If you’re avoiding physical intimacy regularly, identify why. Maybe it’s a simple misunderstanding, an assumption, or interest has waned because your partner needs to strengthen their bedroom skills.
It’s hard to enjoy physical intimacy when emotional intimacy is lacking. Generally, it’s thought that women seek emotional intimacy as a precursor to sex, whereas men seek sexual intimacy as a precursor to emotional intimacy.
Either way, emotional and physical intimacy are pillars of a happy, satisfying marriage.
When spouses cheat emotionally or physically, it’s usually because of an ongoing unmet need within the relationship; infidelity results from deeper underlying issues.
9. Extreme jealousy
Feelings of insecurity and fears of abandonment fuel jealousy.
Everyone struggles with the occasional bout of insecurity. But an extremely insecure spouse lives in fear that their partner will fool around or run off with someone else.
We live in a society that is becoming increasingly bold. People will flirt or hit on your spouse right in front of you.
But guess what? Your spouse chose you! They married you! And they’ll be sleeping with you tonight.
Be confident knowing that they’re going home with you.
Confidence is sexy; trust is attractive. Demonstrate both to your spouse.
Give your spouse the benefit of the doubt unless you have reasonable suspicion. And just because you feel insecure and question whether you’re good enough for your partner isn’t enough reason to suspect they’re being inappropriate with someone else.
10. Fall for someone else
If you’re investing energy and effort into your marriage to make it healthy and happy, if you’re the absolute best partner you can possibly be and are marketing yourself to your spouse every day, why would they ever consider falling for someone else?

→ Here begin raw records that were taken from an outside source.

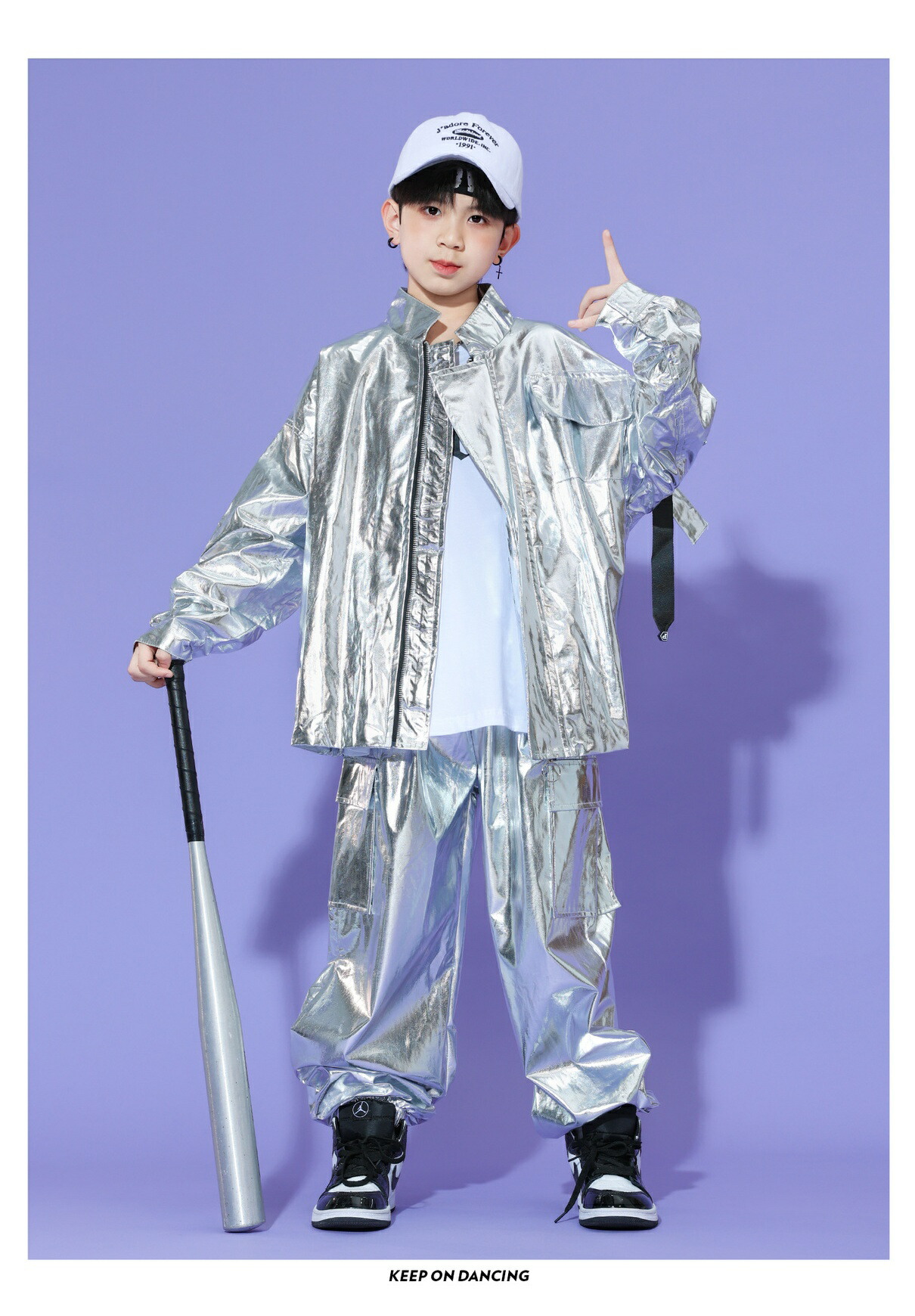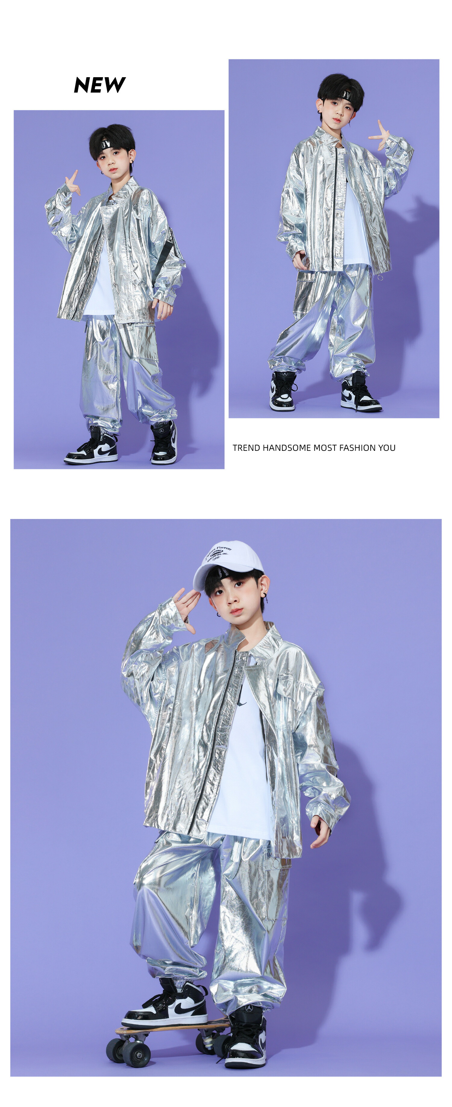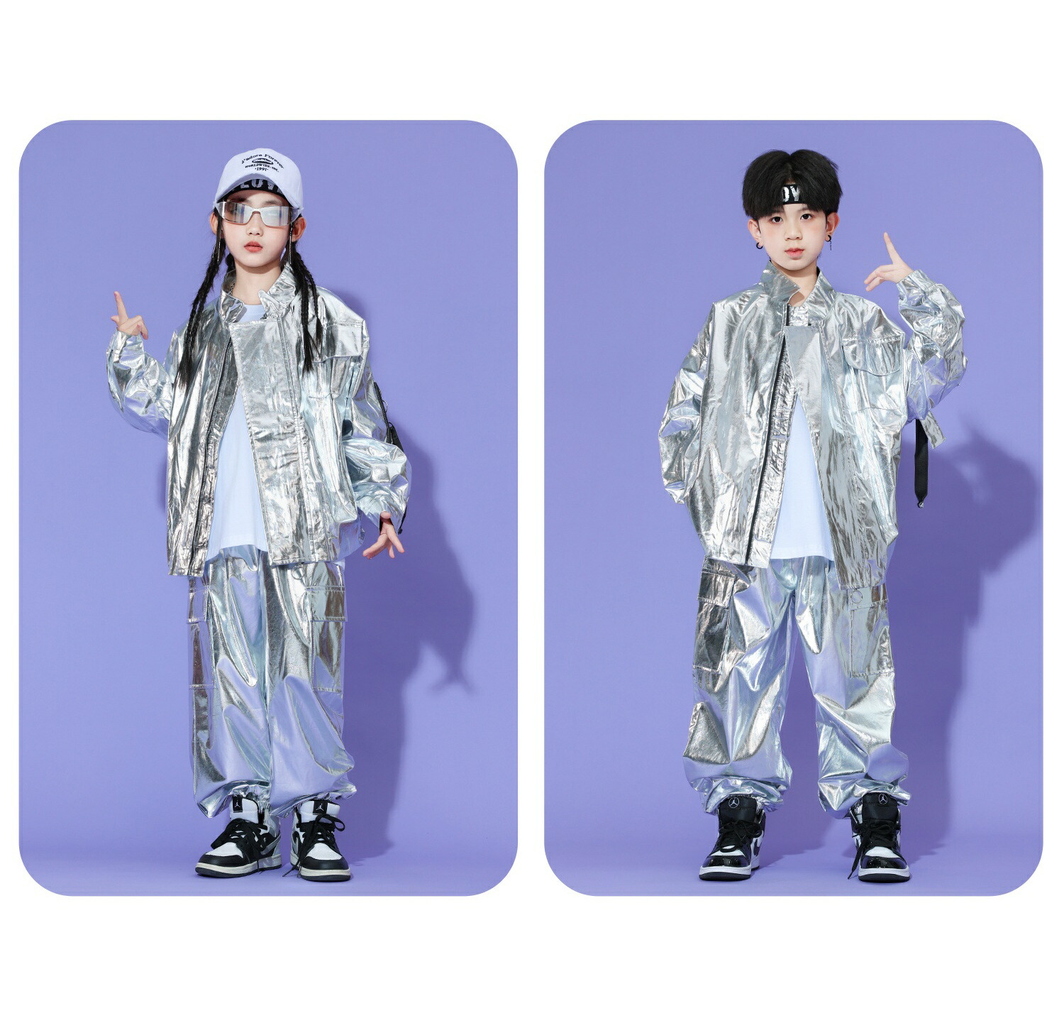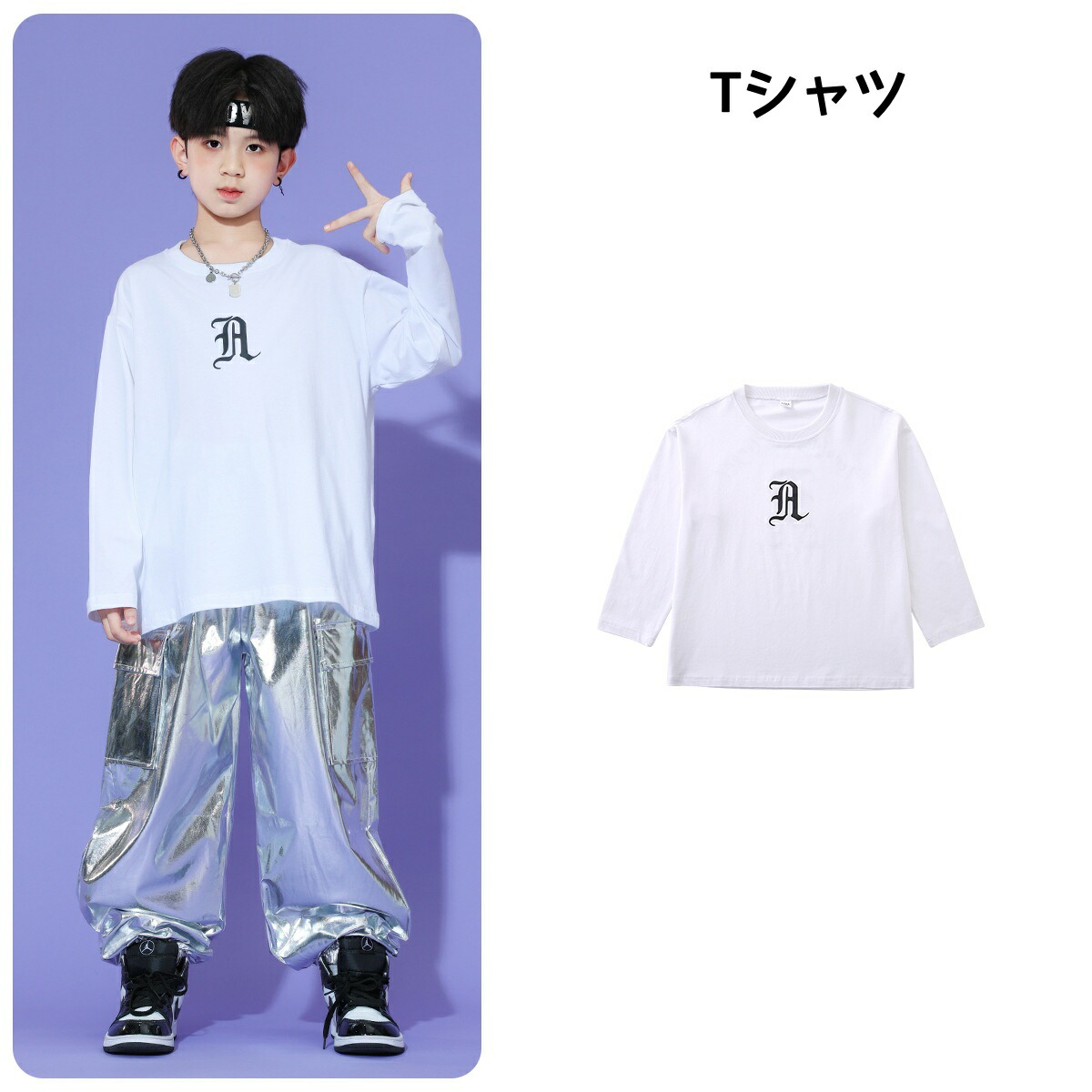 キッズ ダンス衣装 シルバー 白 銀 キッズ スーツ カジュアルセットアップ カジュアルパンツセット 新登場! Tシャツ ジャケット パンツ 2点セット 3点セット 110 120 130 140 150 160 170 180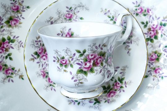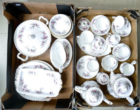 Royal Albert Lavender Rose patterned tea, coffee & dinner ware to include part tea set, coffee pot, coffee cups & saucers, bowls, tureen, dinner plates etc. (46 pieces in 2 trays)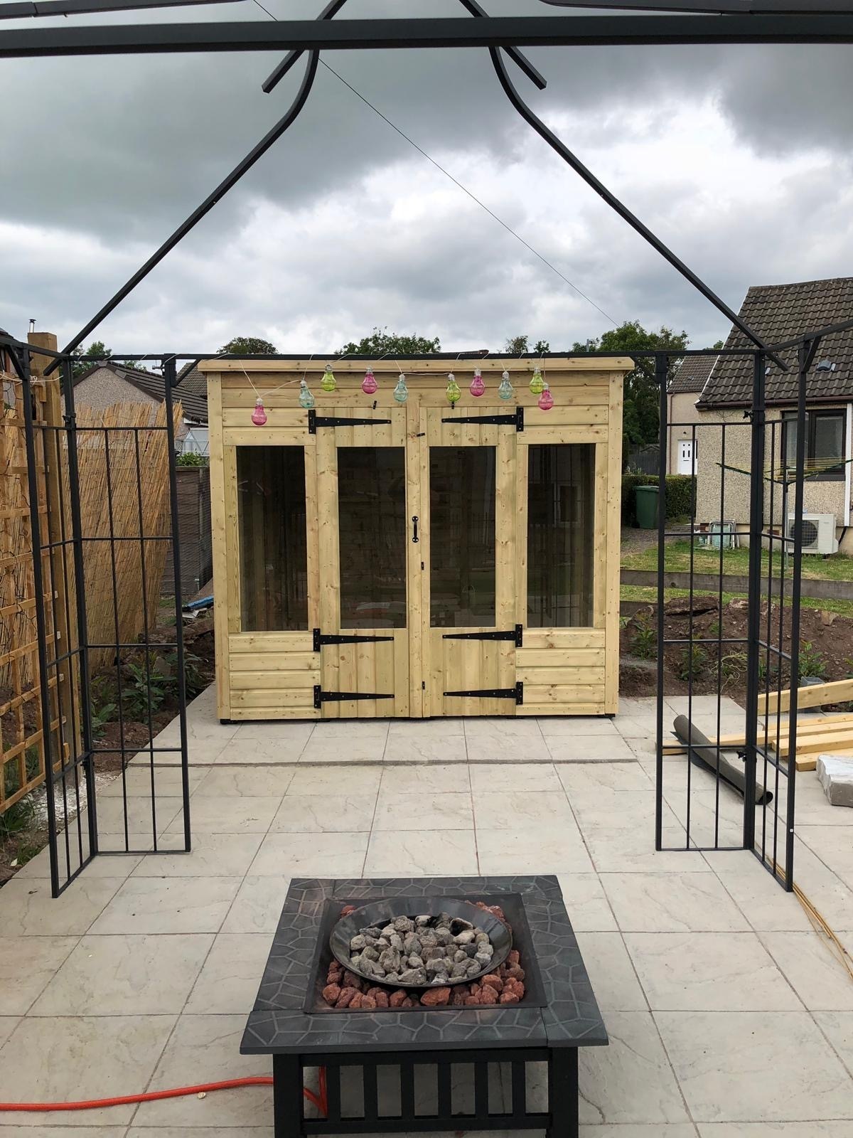 The summerhouse has 4ft wide 6ft high double door and 4 long windows.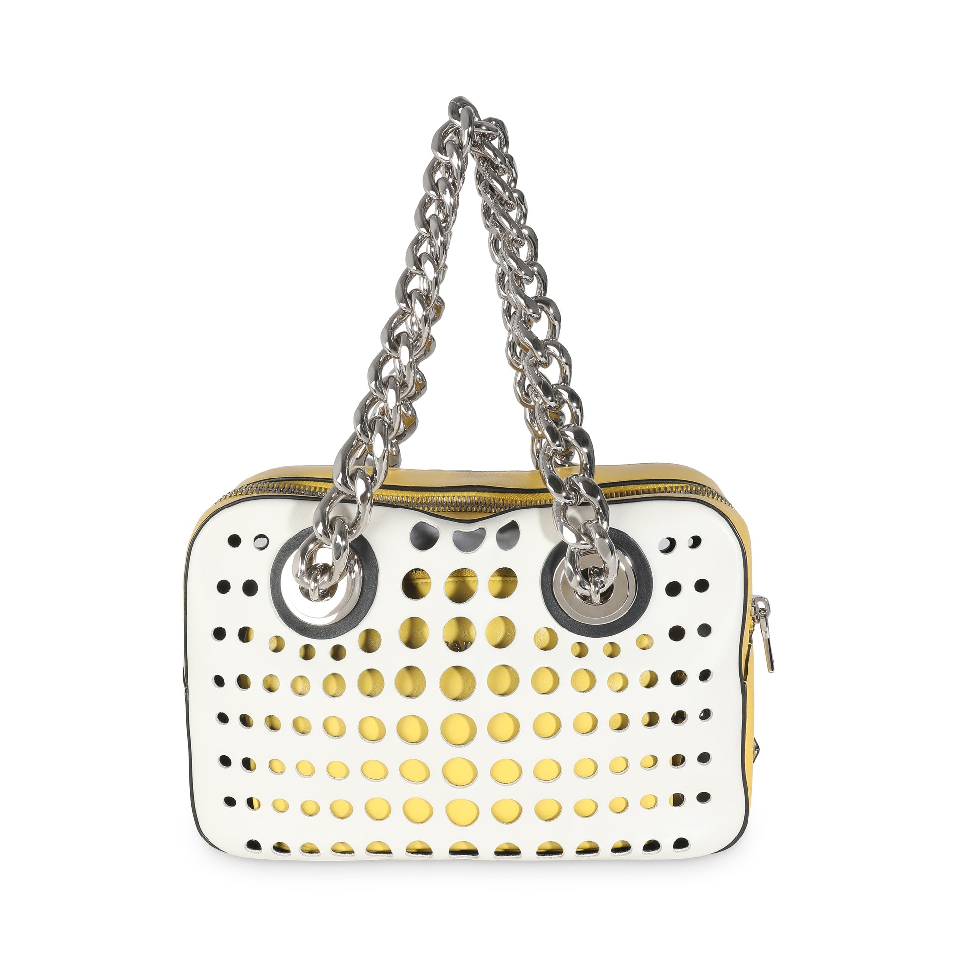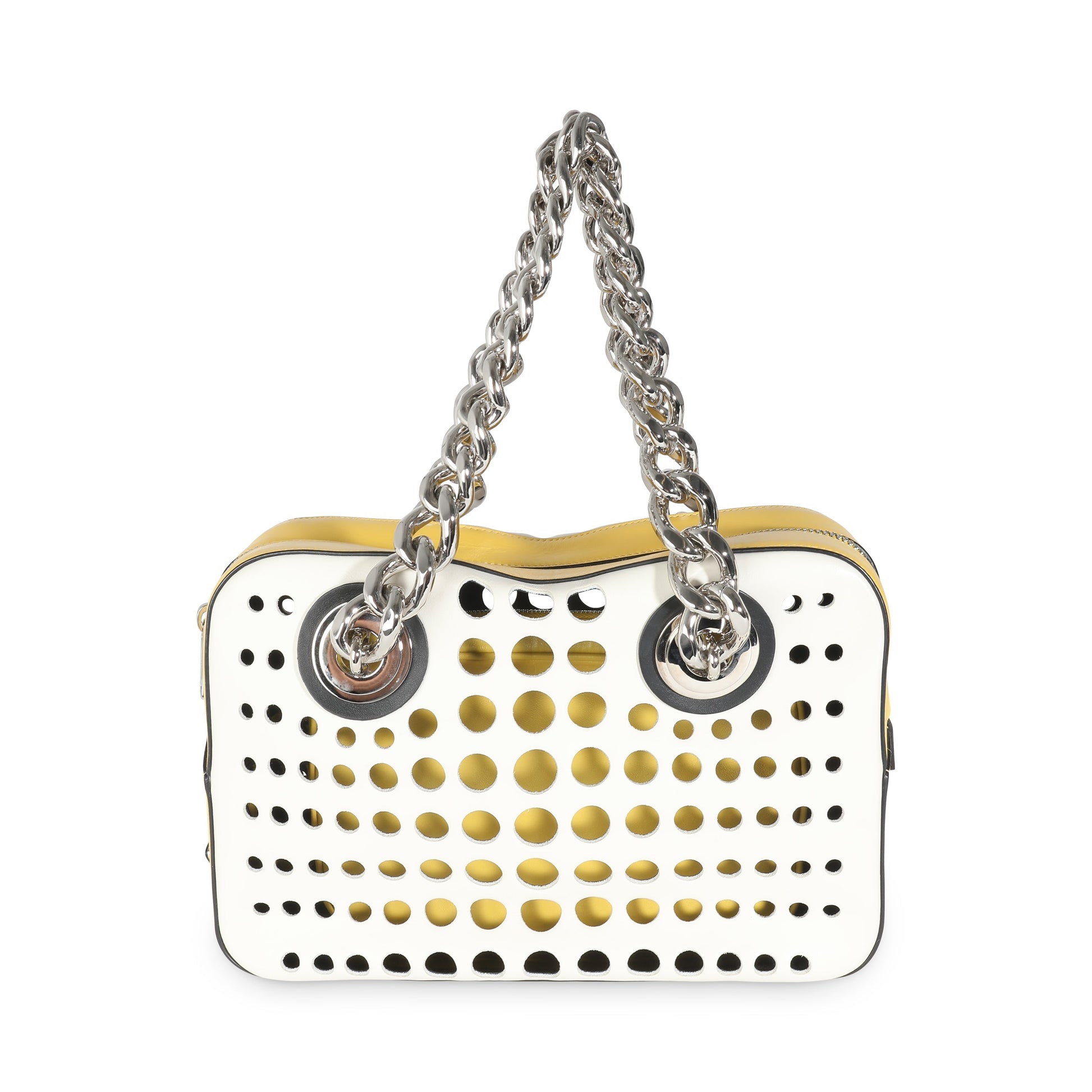 PRADA - White Yellow Calfskin City Fori Chain Bag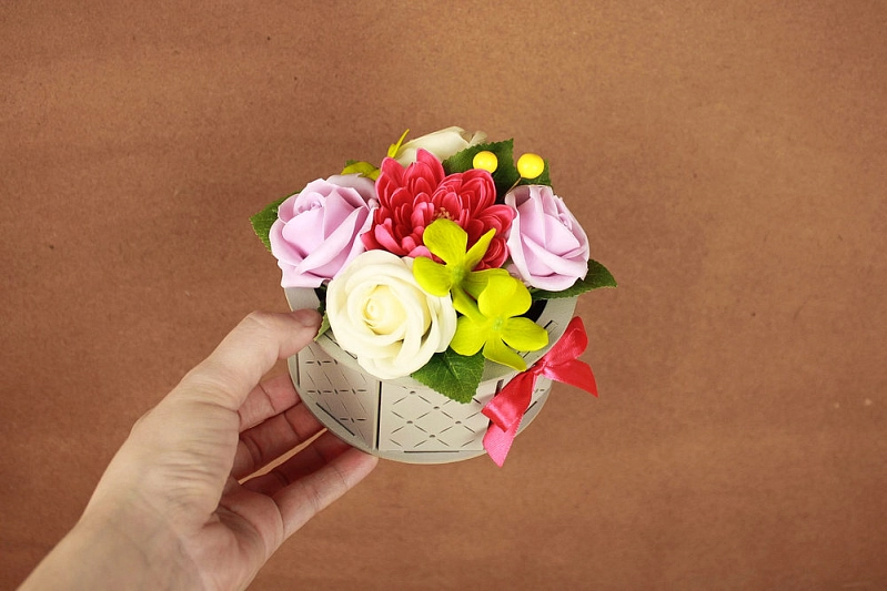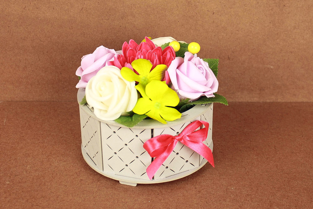 - Материал: МДФ, мыльный цветок - сочетание надежности и красоты.

But as time passes, spouses start taking each other for granted. They stop “trying.” They let themselves go. They allow the relationship to become dull; routine. Predictable.
The excitement fades.
You always hear people talking about wanting to rekindle their marriage. Why let it reach the point where things needs to be “rekindled?” Why not keep it “kindled” in the first place?
When a marriage becomes dull, boring, and predictable, or when spouses feel unappreciated and/or taken for granted, it can be tempting to look for excitement outside the marriage.
Feeling wanted and desired by someone other than your spouse paves the way for your to fall for them.
Falling for someone is different than a one-night stand; both are cheating.
A one-night stand is more about lust. But falling for someone involves a relationship. Both are wrong and can be avoided. People who’ve crossed those lines say that the grass is rarely, if ever, greener on the other side.
Marriage isn’t perfect. And there will be times when it gets a little too comfortable. But even during those times, take charge of your emotions and urges.
Remove yourself from compromising situations to avoid making a decision you regret.
Remember why you chose to share your life with your spouse. Trust your choice. Choose to believe you can give each other more of what you want better than any other person.
“The other person” might entice you because of the exciting feelings they ignite. But you don’t know them. And even if they’re ready to offer one or two things you crave that are currently lacking in your marriage, why give up six or seven good things you already have for one or two things you want in the moment?
Work on you.
Work on your marriage.
You can have everything you want and more and have it with your spouse IF you’re both willing to put in the work.
Of this list of ten marriage killers, are any in your marriage?
If so, finding a good marriage counselor to start a dialogue with your spouse would be a great step to take immediately.
Communication will help you navigate these marital landmines.
You won’t have the “perfect” marriage, but that’s okay because there’s no such thing. But what you can have is the perfect marriage for you.